We considered exogenous changes of the network over time in this study. Another opportunity of research is to assume that the change of the network structure over time is driven by the state of the system, which is referred to as adaptive networks (Gross and Blasius 2008; Sayama et al. 2013). The recent modeling framework inspired by biological examples in which the residents and mutants use different static networks defined on the same node set (Tkadlec et al. 2021; Melissourgos et al. 2022) can be interpreted as an example of fixation dynamics on adaptive networks. Allowing nodes to stochastically sever and create edges they own as the node’s type flips from the resident to mutant and vice versa may lead to new phenomena in fixation dynamics. Such models have been extensively studied for evolutionary games on dynamic networks (Santos et al. 2006; Pacheco et al. 2006; Fu et al. 2009).
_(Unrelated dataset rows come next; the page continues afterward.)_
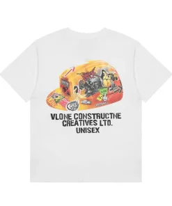 - Highly versatile, the Vlone Constructs x Hard Hat White Tee can be seamlessly styled with all kinds of bottoms to achieve a relaxed, cozy daily outfit.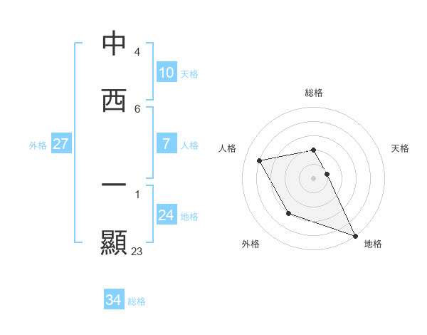 中西 一顯さんの総格は34画の2点!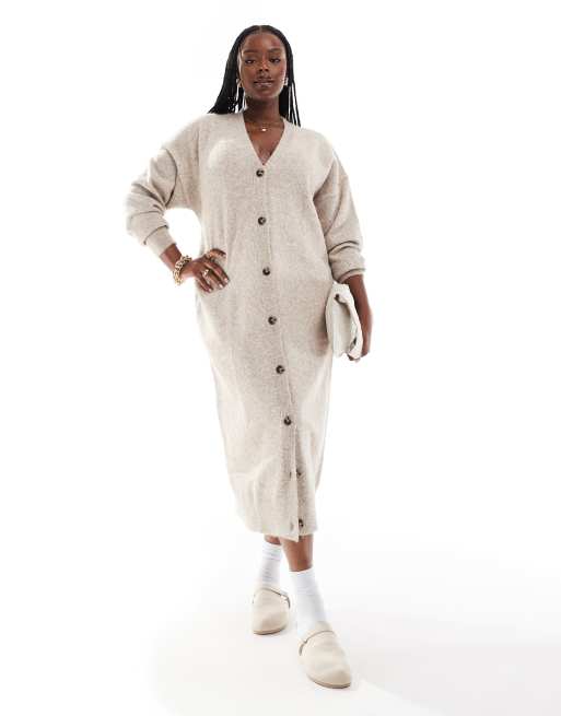 Cárdigan largo color piedra de ASOS DESIGN Curve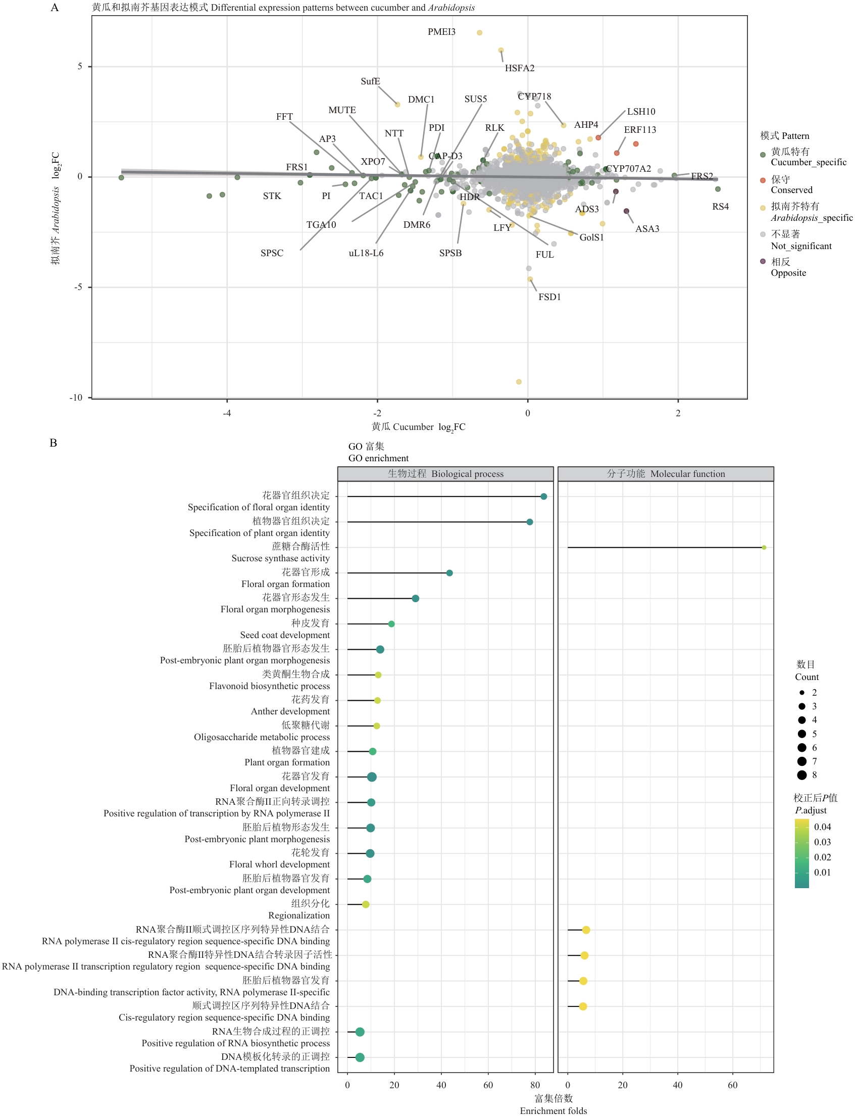 图3 黄瓜与拟南芥同源基因表达模式比较分析A:黄瓜和拟南芥同源基因表达变化的散点图;横轴和纵轴分别表示黄瓜和拟南芥中基因的log2FC值;点的颜色表示不同的表达模式;重要基因用基因名标注;B:黄瓜特异差异表达基因的GO功能富集分析;气泡大小表示基因数量,颜色深浅表示校正后P值显著性水平(P. adjust)

We recently found that most hypergraphs are suppressors of selection under the combination of a birth-death process and uniform initialization, which are the conditions under which most of conventional networks are amplifiers of selection (Liu and Masuda 2023). It has been longer known that most undirected networks are suppressors of selection under the death-birth process (Hindersin and Traulsen 2015), and in directed networks under various imitation rules including birth-death processes (Masuda 2009). The degree of amplification and suppression also depends on the initialization (Adlam et al. 2015; Pavlogiannis et al. 2018). For example, non-uniform initializations can make the star, which is a strong amplifier of selection under the birth-death process and uniform initialization, a suppressor of selection (Adlam et al. 2015). Furthermore, it has been shown that the amplifiers of selection are transient and bounded (Tkadlec et al. 2020). Our results suggest that small temporal networks are another major case in which suppressors of selection are common. These results altogether encourage us to explore different variants of network models and evolutionary processes to clarify how common amplifiers of selection are. This task warrants future research.